De la cara desfigurada de Sara Arta sale un ruido entrecortado y líquido que solamente al cabo de un momento se distingue que es una risa. Al cabo de otro momento la risa se desintegra entre toses. Sara mueve la cabeza a un lado y al otro hasta que consigue enfocar de alguna manera a Lao con los ojos inflados.
—Eres el cabrón más feo que he visto en mi vida —dice, entre resuellos—. Pareces un puto aborto andante.
—Es posible que cambie usted de opinión más adelante —sugiere Lao.
—Y es posible que tú rompas los espejos —dice ella—. Hasta después de charlar con tus amigos soy más guapa que tú, monstruo de mierda.
Lao se encoge de hombros.
—Entiendo que Barbosa consiguiera engañarla a usted —dice Lao—. Es uno de nuestros mejores operativos. Entrenado en Alemania. Pero lo que no entiendo es que usted consiguiera engañarlo a él.

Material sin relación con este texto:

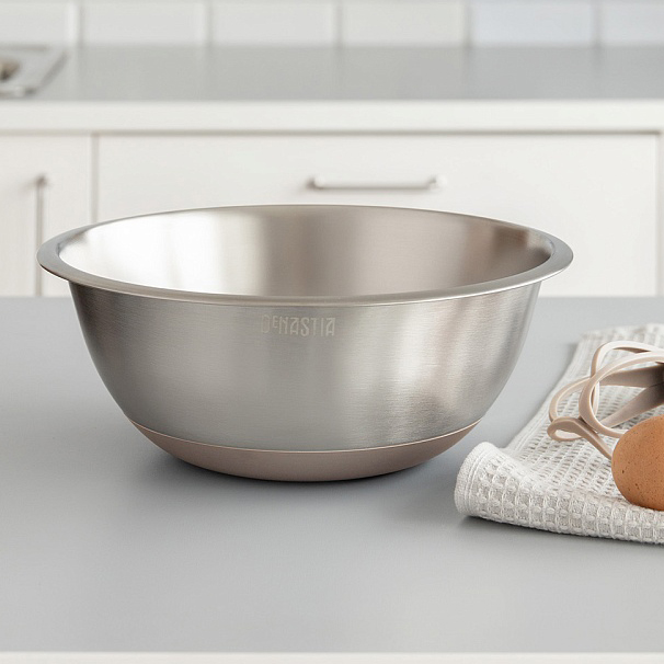 Миска для смешивания продуктов 26см 3л DE'NASTIA силиконовое дно бежевый нержавеющая сталь

—Vete a tomar por el culo. —Sara Arta escupe otro grumo sanguinolento—. No tienes cojones para matarme. —Hace una pausa y aunque sus rasgos ya no pueden expresar nada, de alguna manera consigue componer algo parecido a una mueca ensangrentada de asco—. Salta a la vista que no tienes cojones, puto adefesio. Ninguno tenéis cojones de matarme.
Lao llama con los nudillos a la puerta de acero.

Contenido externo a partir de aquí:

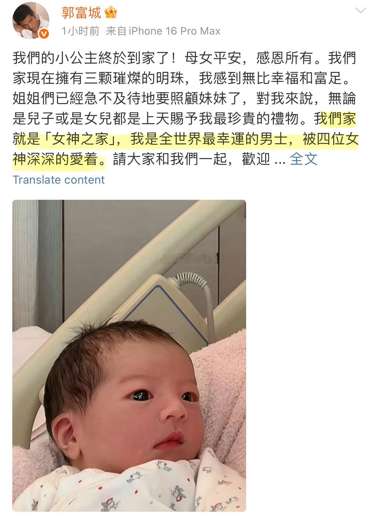 【更新图四】郭富城发微博官宣第三胎是个妹妹[给你小心心]“母女平安,感恩所有”,“无论儿子或女儿都是上天赐予我最珍贵的礼物”,“我是全世界最幸运的男士,被四位女神深深地爱着”[心]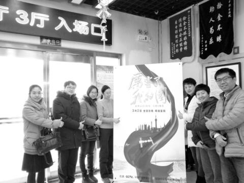 3月3日上午,中影小西天影院,中国建设科技集团员工观影前高兴地与《厉害了,我的国》海报合影。本报记者 章红雨 摄

—Creo que él se dio cuenta enseguida —dice—. Pero la quiso proteger. No nos dijo ni una palabra de usted. La omitió en todos los informes. Solamente nos enteramos de que usted existía porque alguien los vio en un bar.
Sara Arta se queda mirando a Lao con los ojos inflados. Se lleva una mano moteada de quemaduras de cigarrillos a la cara y se seca la boca con el dorso. El parecido morfológico de la mancha de la pared con un lobo rampante es un dato no significativo. Un ruido sistémico. La mancha no es un lobo y no está saltando encima de ninguna persona. La puerta de acero se abre. Entra una pareja de agentes de paisano, los dos en mangas de camisa, los dos con cigarrillos en los labios. Uno de ellos trae el extremo de la manguera. La prisionera les hace un gesto con los dedos para pedirles un cigarrillo.
—Él la protegió, señorita Arta —dice Lao, en la puerta—. Por eso no la pude encontrar. No me imaginé que él la protegería.
El ruido de otro escupitajo de sangre es el último que oye Lao antes de salir de la celda del centro de detención.